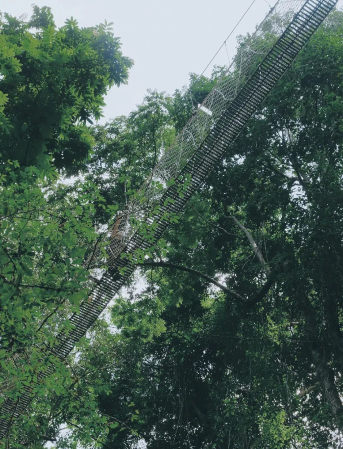 如果想近距离的观赏这些奇特的植物树木,可以参加园区内的丛林飞跃项目,戴着滑索横穿热带雨林。将自己想象成猿人泰山,一会儿从高空攀索而降,一会儿拨开挡住视线枝条,去寻找那仿佛不存在的前行道路。在密林深处,你或许还有开小差的时间,可以看到悠然亭立的鹤,自然觅食的鹿、在古藤上顽皮荡悠的猴,偶尔还能看见国家一类保护动物野牛和犀牛的身影。如果走完这一趟碰巧遇上哈尼族的原始狩猎活动,兴许还能吃上他们刚刚烤完,新鲜打来的猎物。
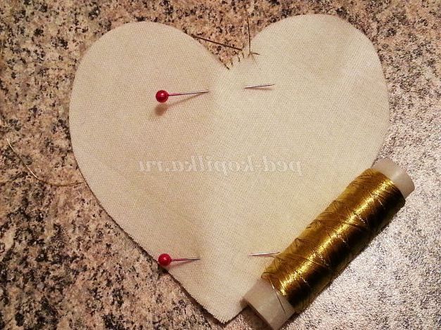 11. Складаємо серця виворотом один до одного. Пришиваємо швом "через край", використовуючи для декору золоту нитку.
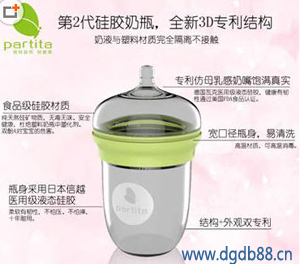 硅膠是一種材料,是一種能讓歐美等國(guó)家非常喜愛(ài)的材料,因?yàn)樵絹?lái)越多的產(chǎn)品開(kāi)始選擇用這樣的材料開(kāi)始生產(chǎn),比如說(shuō)硅膠奶瓶;硅膠奶嘴;圍兜等,最近就有一款新上市的奶瓶“partita” 這款產(chǎn)品是純硅膠打造,瓶身是高透明硅膠材質(zhì),瓶蓋和奶頭也是硅膠透明材質(zhì),從上倒下,看起來(lái)更像是一個(gè)可愛(ài)的寶寶,既然是高透明的硅膠生產(chǎn),那么產(chǎn)品100%是過(guò)食品級(jí)FDA認(rèn)證,不管是經(jīng)過(guò)多少度的高溫開(kāi)水,都不會(huì)釋放出有害物質(zhì),這款硅膠奶瓶是由加拿大布迪家居開(kāi)發(fā)生產(chǎn)。從硅膠本身的特性來(lái)說(shuō),硅膠是一種無(wú)色;無(wú)味;無(wú)毒的天然合成物質(zhì)。
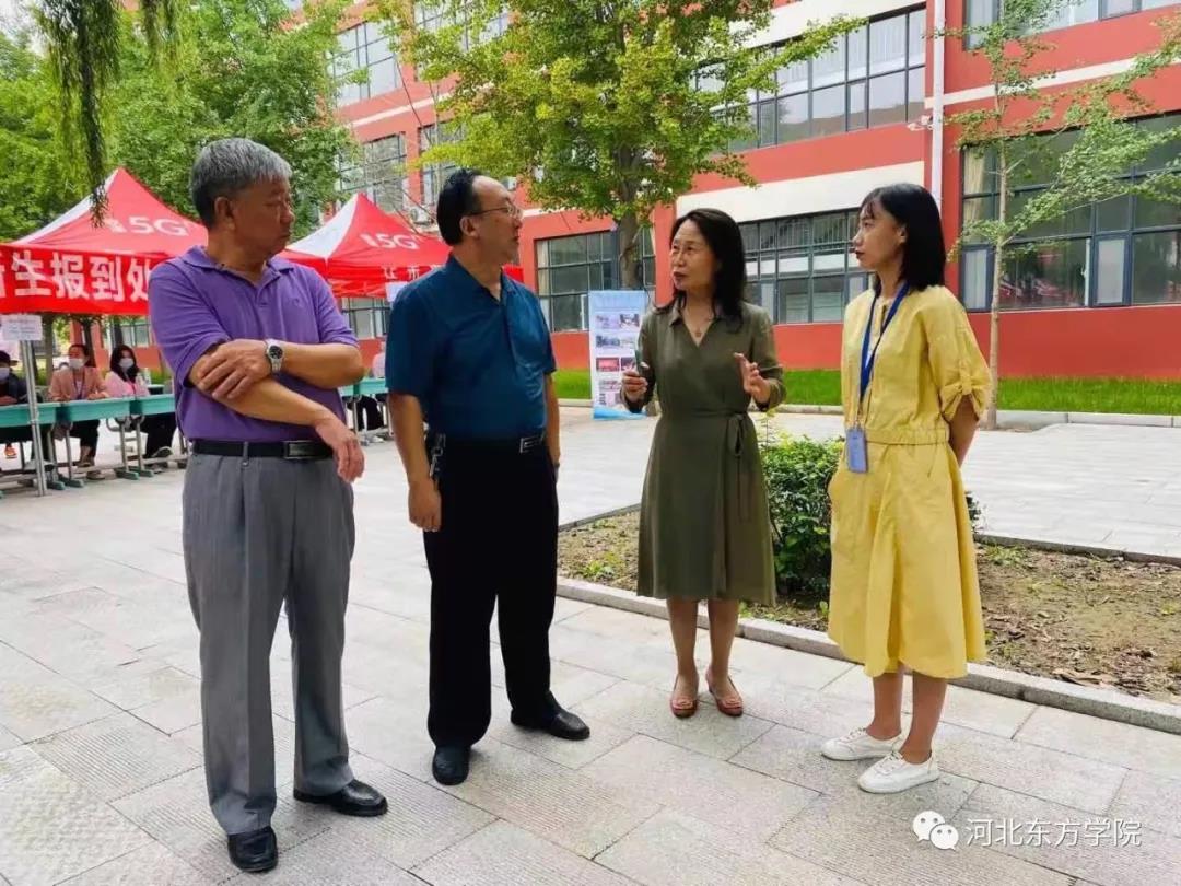 吕一枚校长、刘文根书记在医学院领导陪同下在我校C区检查迎新现场布置安排情况。

What the task asks:
Only these lines belong in the answer: the first line of the listing above through the line holding "11. Складаємо серця", printed exactly and without pictures.

Exercise response:
 如果想近距离的观赏这些奇特的植物树木,可以参加园区内的丛林飞跃项目,戴着滑索横穿热带雨林。将自己想象成猿人泰山,一会儿从高空攀索而降,一会儿拨开挡住视线枝条,去寻找那仿佛不存在的前行道路。在密林深处,你或许还有开小差的时间,可以看到悠然亭立的鹤,自然觅食的鹿、在古藤上顽皮荡悠的猴,偶尔还能看见国家一类保护动物野牛和犀牛的身影。如果走完这一趟碰巧遇上哈尼族的原始狩猎活动,兴许还能吃上他们刚刚烤完,新鲜打来的猎物。
 11. Складаємо серця виворотом один до одного. Пришиваємо швом "через край", використовуючи для декору золоту нитку.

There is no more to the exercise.